DATASET CONTENT ->
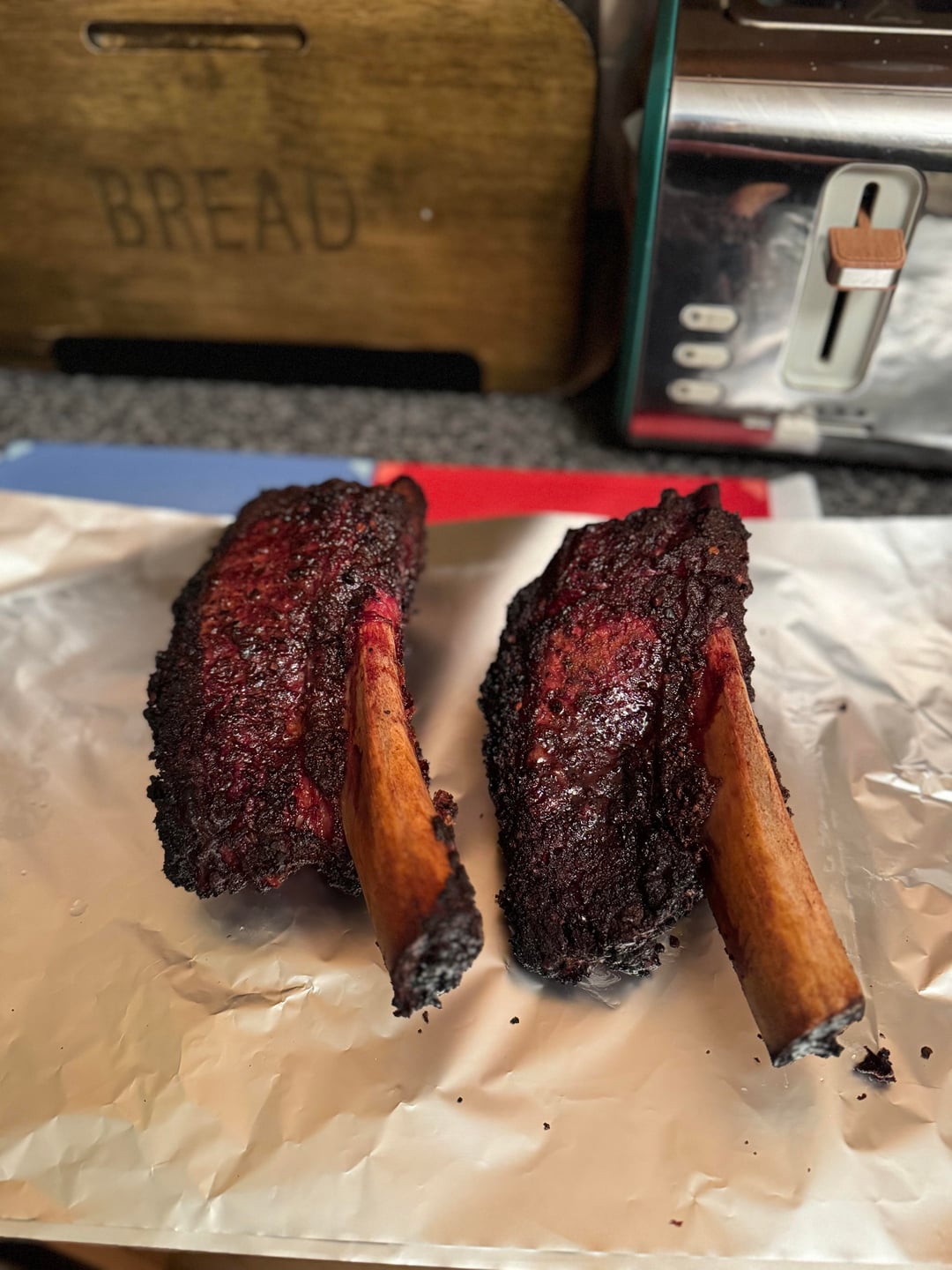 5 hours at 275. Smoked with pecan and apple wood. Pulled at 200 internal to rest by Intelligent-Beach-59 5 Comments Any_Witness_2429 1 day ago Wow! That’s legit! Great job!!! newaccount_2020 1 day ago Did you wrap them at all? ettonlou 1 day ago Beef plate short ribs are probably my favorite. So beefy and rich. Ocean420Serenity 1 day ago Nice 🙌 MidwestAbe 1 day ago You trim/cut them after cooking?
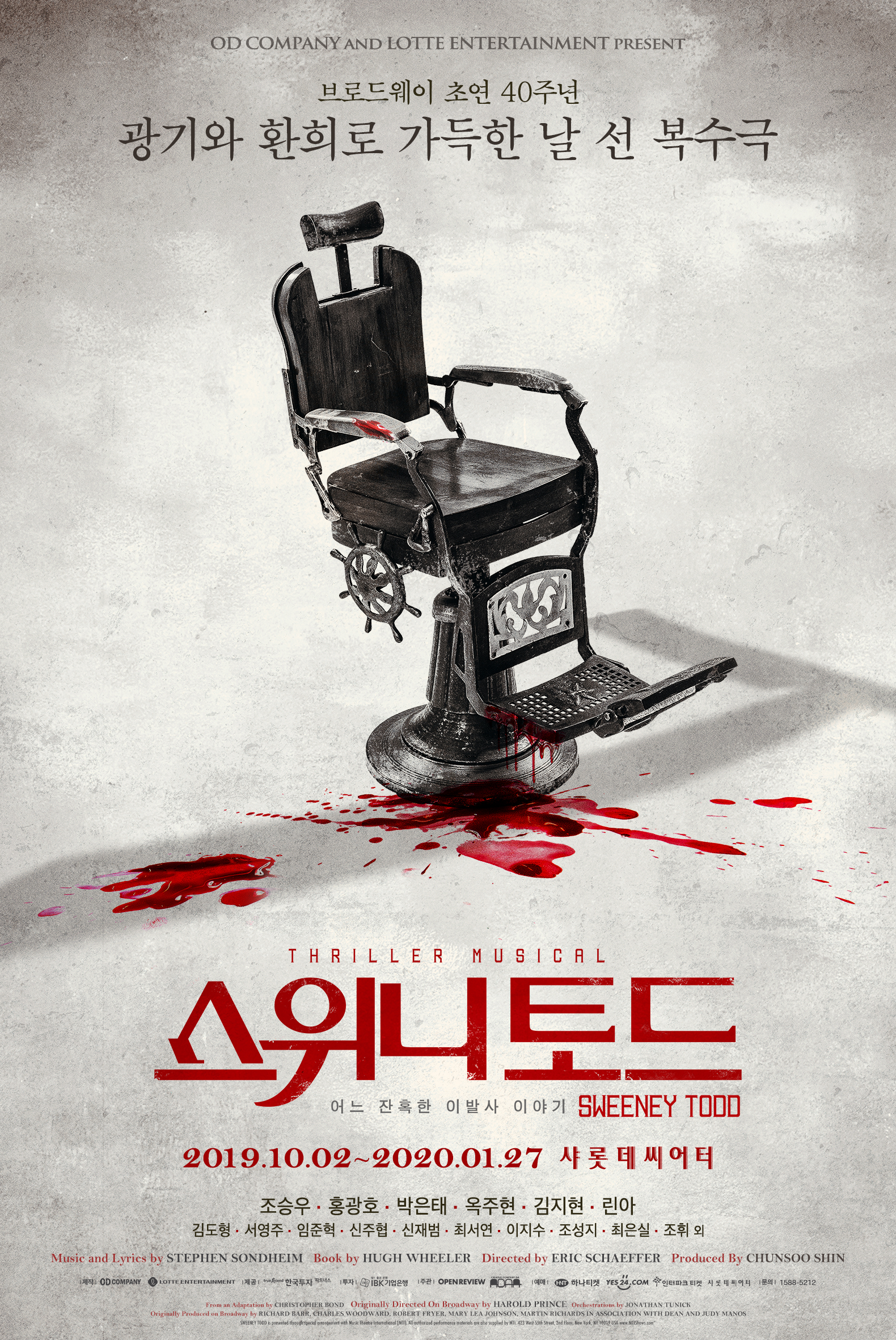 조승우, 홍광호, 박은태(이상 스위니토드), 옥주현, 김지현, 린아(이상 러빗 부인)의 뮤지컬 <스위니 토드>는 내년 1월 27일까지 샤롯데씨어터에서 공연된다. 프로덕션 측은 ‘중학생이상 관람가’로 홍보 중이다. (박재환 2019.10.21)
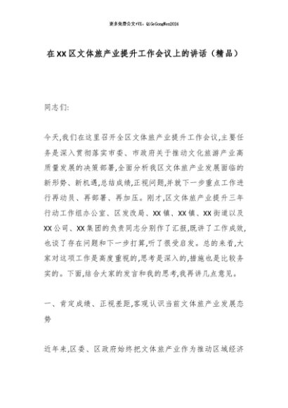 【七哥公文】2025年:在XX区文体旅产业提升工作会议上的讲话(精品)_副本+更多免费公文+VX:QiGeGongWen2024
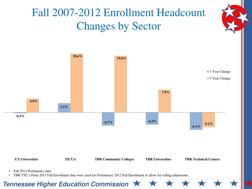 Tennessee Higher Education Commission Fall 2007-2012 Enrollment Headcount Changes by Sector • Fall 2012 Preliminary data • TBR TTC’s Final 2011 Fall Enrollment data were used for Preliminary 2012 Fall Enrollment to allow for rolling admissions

WHAT YOU ARE ASKED TO DO -> Once the pictures are set aside, please output all the data word for word.

RESULT OF THIS TASK ->
 5 hours at 275. Smoked with pecan and apple wood. Pulled at 200 internal to rest by Intelligent-Beach-59 5 Comments Any_Witness_2429 1 day ago Wow! That’s legit! Great job!!! newaccount_2020 1 day ago Did you wrap them at all? ettonlou 1 day ago Beef plate short ribs are probably my favorite. So beefy and rich. Ocean420Serenity 1 day ago Nice 🙌 MidwestAbe 1 day ago You trim/cut them after cooking?
 조승우, 홍광호, 박은태(이상 스위니토드), 옥주현, 김지현, 린아(이상 러빗 부인)의 뮤지컬 <스위니 토드>는 내년 1월 27일까지 샤롯데씨어터에서 공연된다. 프로덕션 측은 ‘중학생이상 관람가’로 홍보 중이다. (박재환 2019.10.21)
 【七哥公文】2025年:在XX区文体旅产业提升工作会议上的讲话(精品)_副本+更多免费公文+VX:QiGeGongWen2024
 Tennessee Higher Education Commission Fall 2007-2012 Enrollment Headcount Changes by Sector • Fall 2012 Preliminary data • TBR TTC’s Final 2011 Fall Enrollment data were used for Preliminary 2012 Fall Enrollment to allow for rolling admissions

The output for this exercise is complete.